2 Chronicles 7:14 “If my people, who are called by my name, will humble themselves, if they will pray and seek me and stop their evil ways, I will hear them from heaven. I will forgive their sin, and I will heal their land.” (NCV)
I read these verses the other day and immediately my heart turned to someone in my life with whom I am currently struggling. “Oh Lord,” I prayed, “please speak to this person and let them humble themselves and turn from their wicked ways and return to you.”
But halfway through this prayer for this person to “turn from their wicked ways”, another thought popped into my head. Should I be focusing this prayer on myself instead?
In this situation where I believe I am being wronged, and I truly believe I am following God’s ways in this particular situation, shouldn’t I be praying for the other person’s eyes to be opened to the situation at hand? Shouldn’t I be praying for them to turn from their ways and turn towards God?
Maybe what God is trying to tell me with this verse is that I need to not focus so hard on the other person, but instead turn that spotlight inward, towards myself. Matthew 7:3 “Why do you look at the speck of sawdust in your brother’s eye and pay no attention to the plank in your own eye?” (NIV) What wicked ways do I need to turn from? What are those black spots in my mind and on my heart that I need to confess to God and allow Him to clean me up from the inside out? What are the areas in my own life where I need to humble myself to God and pray and seek His face?

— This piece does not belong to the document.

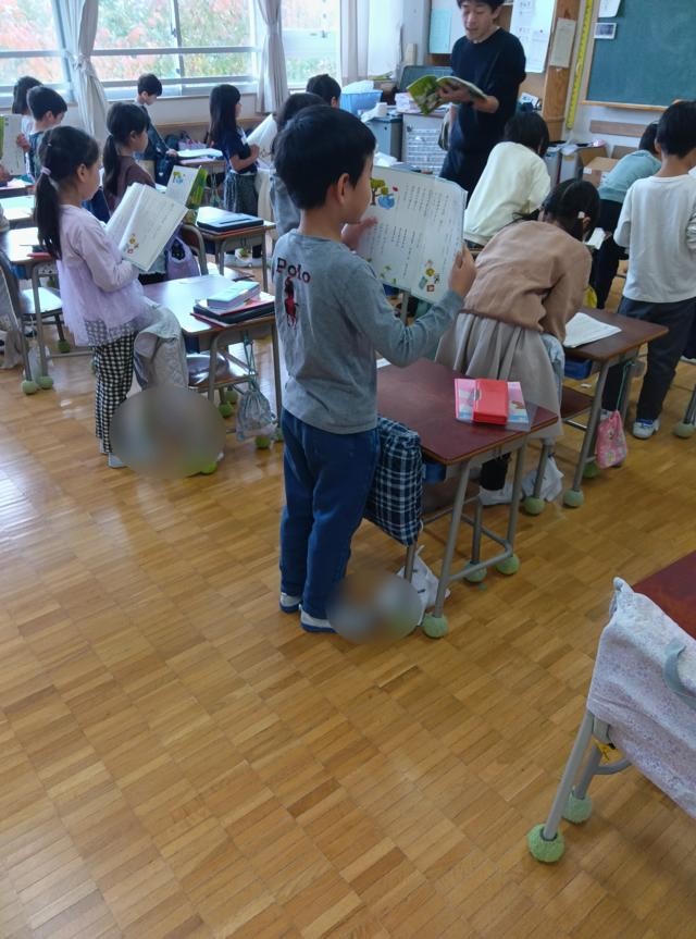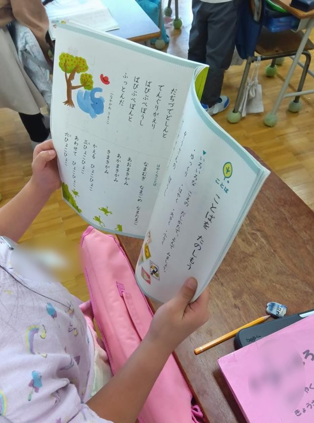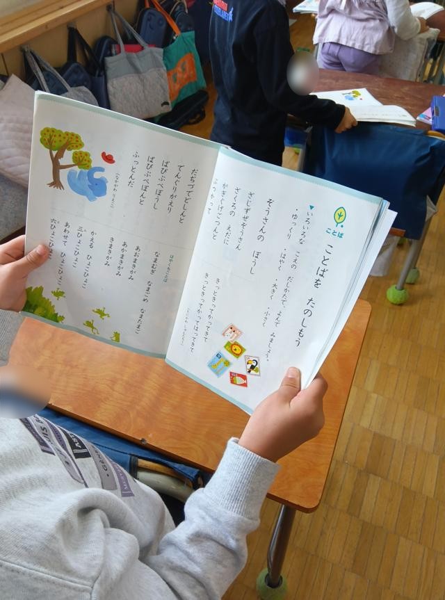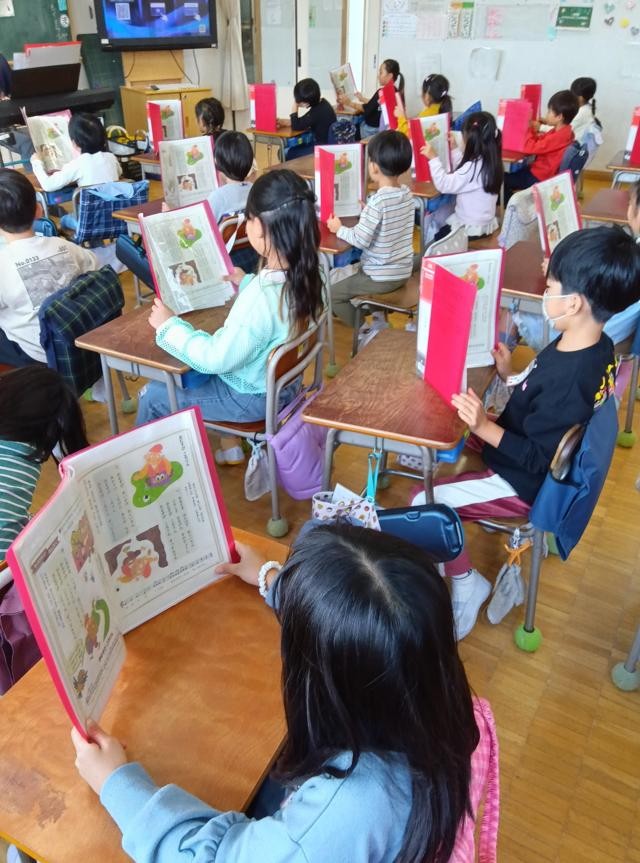 それから、後ろの方の写真は、お話ではないんですが、みんなでそろって音読をしていて、そのリズムのよさに思わず惹かれて教室へ♪語呂がよく、読みやすいので、子どもたちも元気いっぱいで読んでいます。何だかこちらも楽しい気分になりました♪

Anger/Resentment: my feelings of being wronged and feeling like I am the victim will not only turn to anger if I don’t confront and confess them, but eventually could turn to resentment, hurting nobody but myself
Doubt: doubting God’s plan for my life
Envy: I’ve struggled with various forms of envy my entire life
Fear: instead of trusting in God, I’ve found myself crippled with fear over all the things that COULD happen, instead of focusing on what GOD will make happen and trusting that whatever that is will be what’s best for me
Looks like I have enough of my own things to confess to God, to humble myself before Him, to seek His face and to pray and to turn from these wicked thoughts which are not from God.
Dear Lord, I come to you humbled and broken, a sinner in need of redemption. Please help me to turn from my sins and turn from the things that are not from you. Please forgive me and help me to remember that you are perfect and you are in control. Forgive me for my anger, my doubt, my envy and my fear. Please fill me with your peace and your love and help me to live as an example of you. Thank you for these words and this reminder. In Jesus’ name, AMEN.